Hmm, I'm timing the new D45 run I'm repeating because of the RNG bug. It is much worse than I thought. For the various monomials in a trajectory the derivatives take, normalized to the gauge one:

Gauge: 1
Det: 3
Deteat1: 5
Detrat2: 9
Poly: 161

in arbitrary time units. I just took the input file used previously, didn't optimise, but...

I think I know what I'm starting with on Wednesday... :(

@urbach
urbach commented Dec 31, 2012

These timings come from supermuc...

@urbach
urbach commented Jan 1, 2013

ah, Poly is called as often as det, only gauge is called more often.

@urbach
urbach commented Jan 2, 2013

I have worked a bit on this issue, and in my ImproveDerivSbND branch you can find them.
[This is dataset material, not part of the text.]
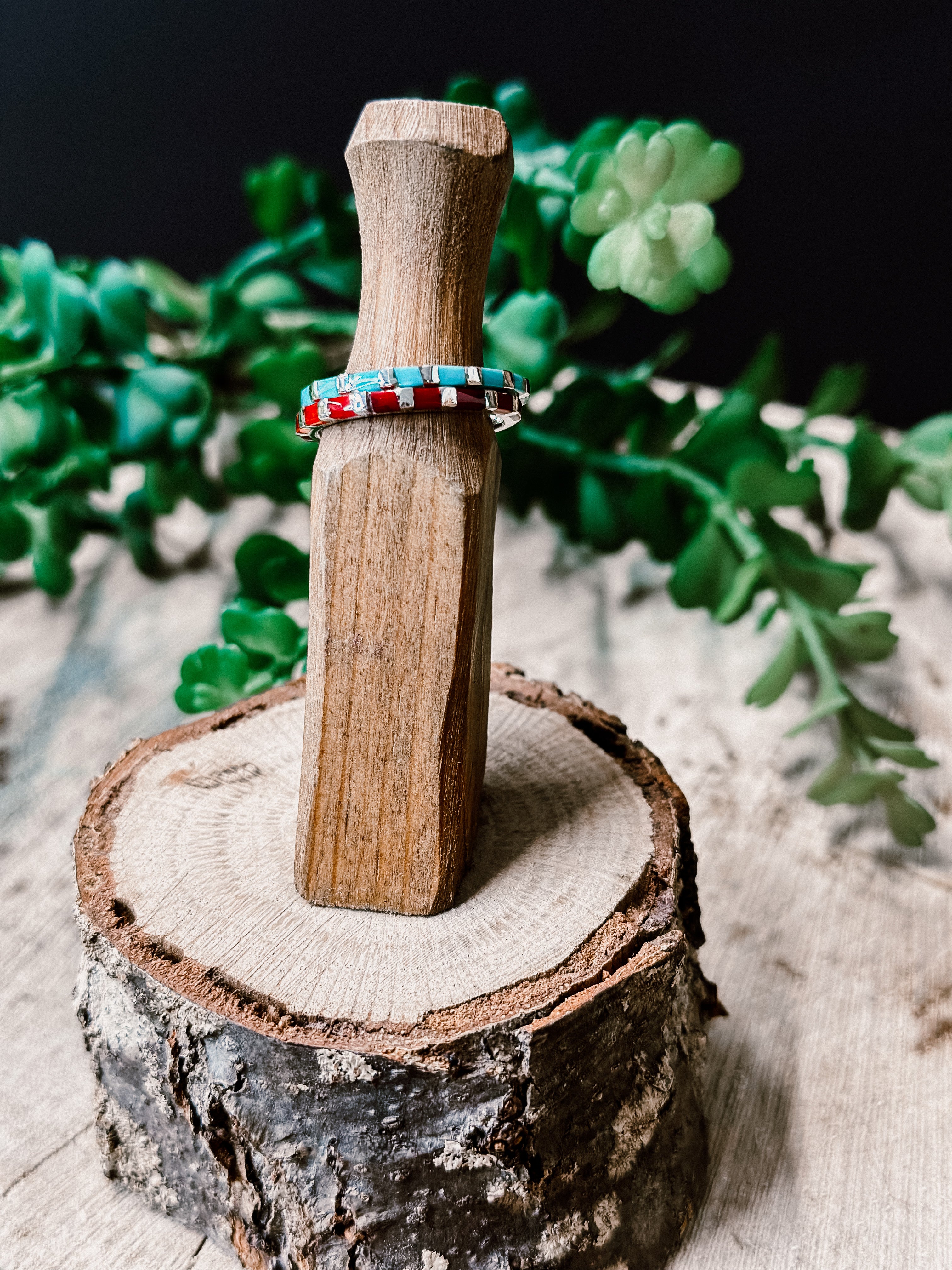 Stack It Up With These Sterling Silver Square Inlay Stacker Rings in Turquoise or Red Jasper!

Those help a lot on my local scalar PC version. They also avoid any omp atomic pragmas. However, on supermuc it doesn't improve at all, I really don't understand. Does anyone have any idea?

@kostrzewa
European Twisted Mass Collaboration member

My first test would be to check a pure MPI version of the code. Also, it would be very useful to compare to the performance on a numerically approximately equivalent partition of BG/P used in previous runs. If the trajectory takes 10 times as long then we have some performance regression in the poly derivative.

@urbach
urbach commented Jan 2, 2013

well, I'm a bit further... if one call of ndpoly_derivative 3.8 seconds, then it is divided as follows (see my ImproveDerivSbND branch):

  • 3.274360e-01 secs accumulated for all Q_tau1_sub_const_ndpsi calls in the first loop
  • 8.768349e-01 secs accumulated for all Q_tau1_sub_const_ndpsi calls in the second loop
  • 2.193796e+00 secs accumulated for all deriv_Sb_nd_tensor calls in the second loop
  • 4.388826e-01 secs accumulated for all H_eo_tm_ndpsi calls in the second loop

all but the second and third time do make sense when compared to the timings in the CG. The time spend in this tensor product thing is ridiculous. And the time for Q_tau1_sub_const_ndpsi calls in the second loop is a factor two to large.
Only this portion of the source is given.